EUBra-BIGSEA project aims at developing a set of cloud services empowering big data analytics to ease the development of massive data processing applications. EUBra-BIGSEA will develop models, predictive and reactive cloud infrastructure QoS techniques, efficient and scalable big data operators and a privacy and quality analysis framework, exposed to several programming environments. EUBra-BIGSEA aims at covering general requirements of multiple application areas, although it will showcase in the treatment of massive connected society information, and particularly in traffic recommendation.

The project starts with the analysis of the use case scenarios that will be used for demonstration, but considering those requirements in a broader way. EUBra-BIGSEA is an API-centric project whose main objective is to create a sustainable international (European and Brazilian) cooperation activity in the area of cloud services for big data analytics. In particular, T7.2 aims at improving efficiency and throughput of data scientists and data curators.

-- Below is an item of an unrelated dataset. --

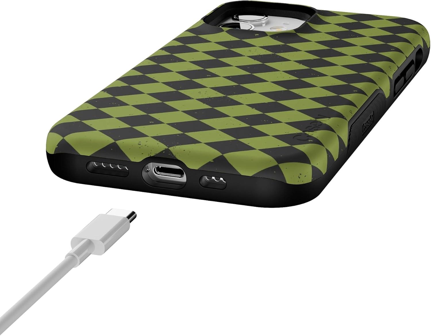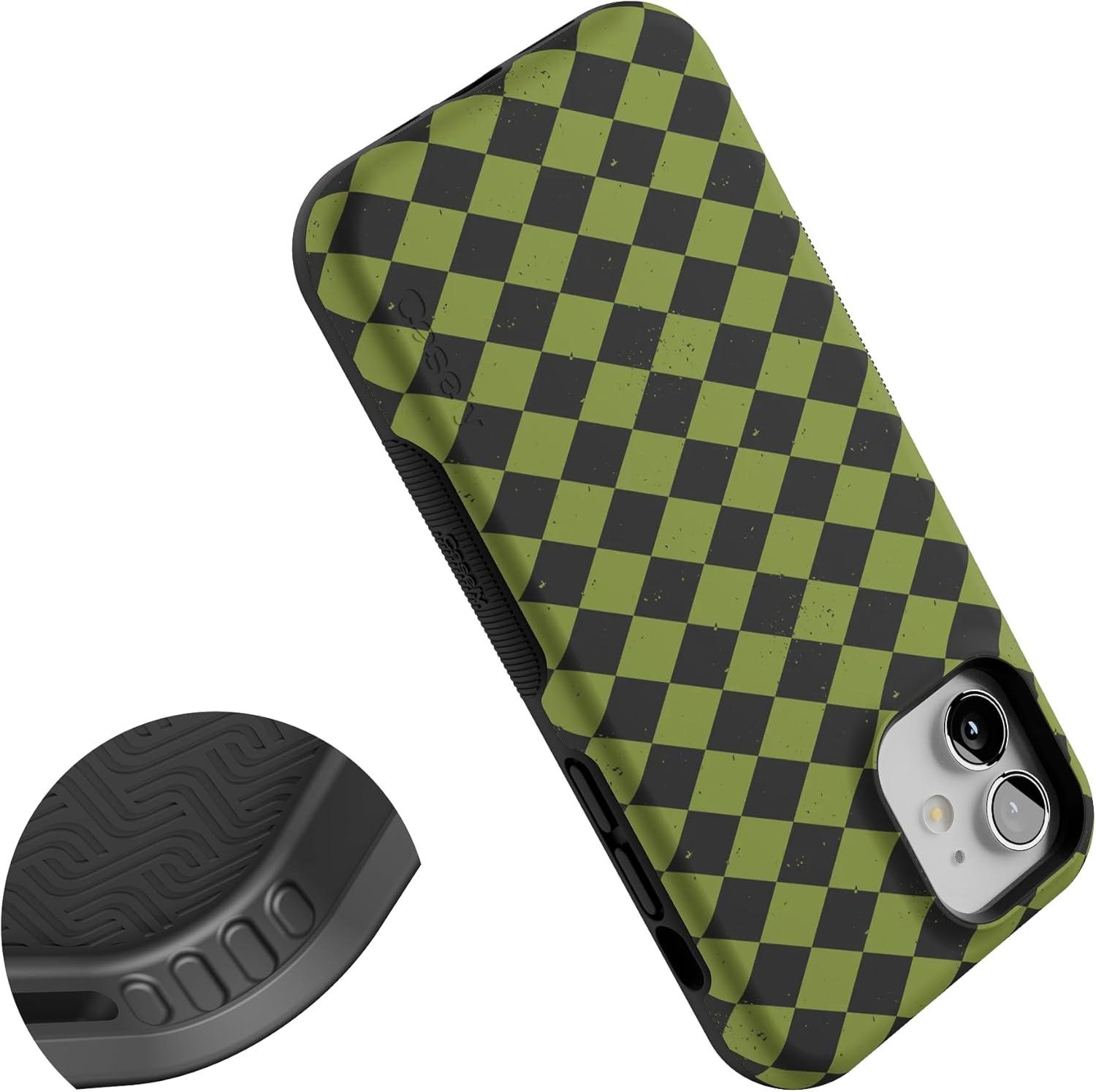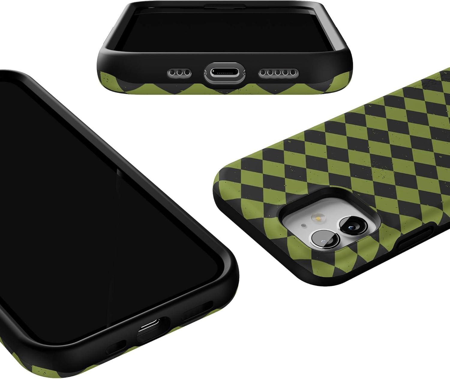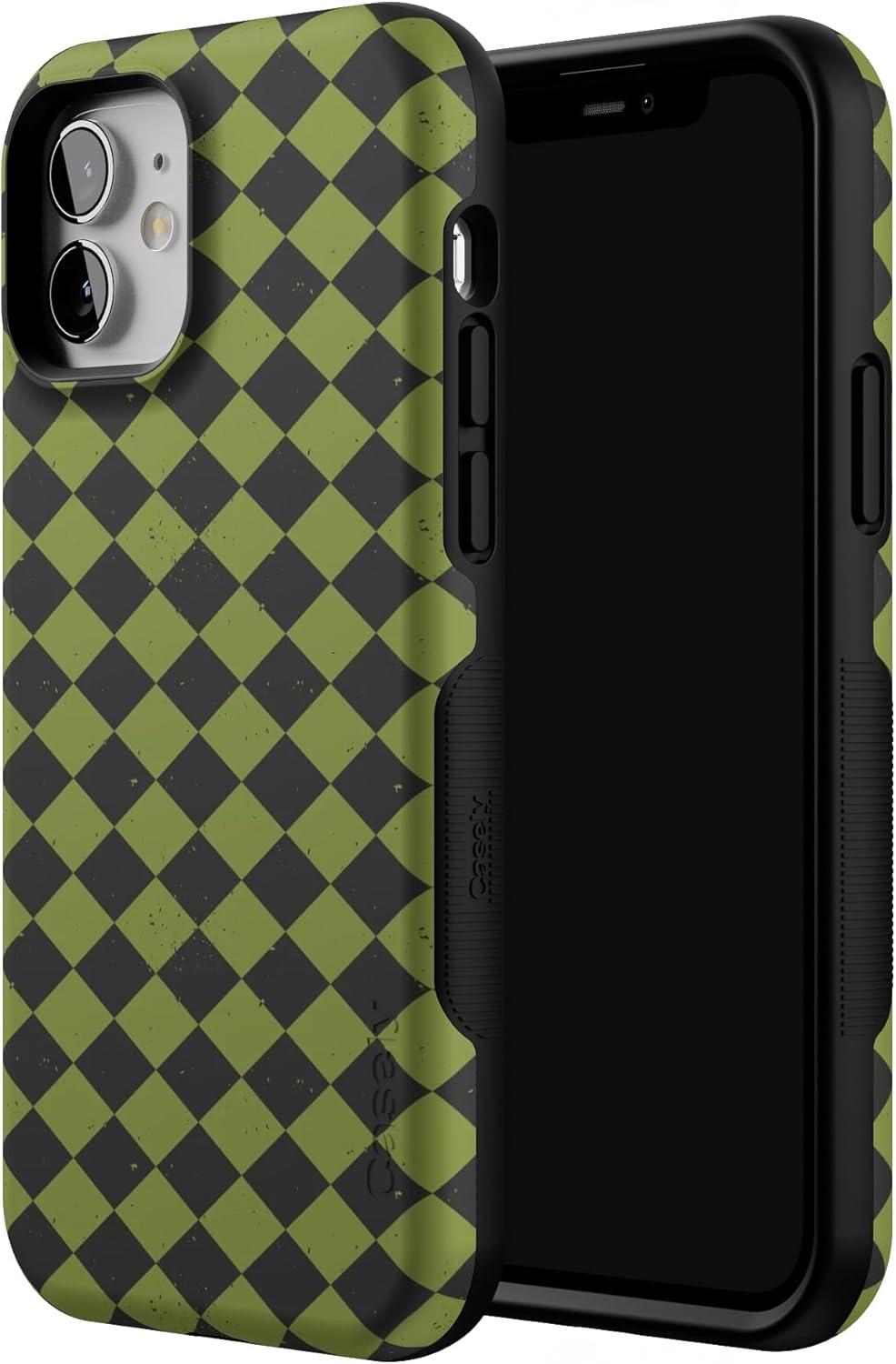 Casely iPhone 12/12 Pro Case | Harlequin Wicked Diamond | Black and Green | Bold Protective Design | MagSafe Compatible Design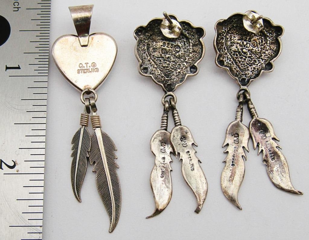 INLAY DESIGN & FEATHER CHARMS PLUS MATCHING PAIR OF PIERCED DANGLY EARRINGS-TOTAL 8 DWT

The Acquisition and Engineering of Georeferenced Environmental, Stationary, Streaming and Social (GES³) data (Task 7.2) is related to the Use Case 1 - (UC1) - Data Acquisition (D7.1). In particular, these data come from sources that are related to urban traffic and cover four main data types: stationary data, dynamic spatial data, environmental data, and social network data. Despite that the EUBra-BIGSEA pilot has been initially planned for the data of the city of Curitiba, where the pilot case is being constructed, the EUBra-BIGSEA framework will be applicable to some extent to other scenarios.

Task 7.4 deals with the creation of predictive models from the aforementioned GES 3 data sources, in order to understand and anticipate traffic and transportation public services scenarios in Brazilian/European cities. These models are based on a specific set of data mining and machine learning supervised techniques such as linear and logistic regression, support vector machines and gaussian processes. Similarly to the descriptive model algorithms implemented in the first release of the Toolbox for GES³ Data (described in D.7.3), the implemented code of this second release will be used as a proof-of-concept in different WPs to, for example, evaluate the infrastructure (WP3), data services (WP4), expressiveness of programming abstractions (WP5) and the identification of security and privacy concerns (WP6). They will also be used to implement the use cases (WP7). Next steps include integration (indirectly) with resource allocation and evaluation of workload (WP3) and improvements in the implementation (convert pending prototypes to WP4 and WP5 technologies).

Together with Task 7.3, Task 7.4 will provide the toolbox needed to implement the complex analytics scenarios of Routes for People Use Case (Task 7.5).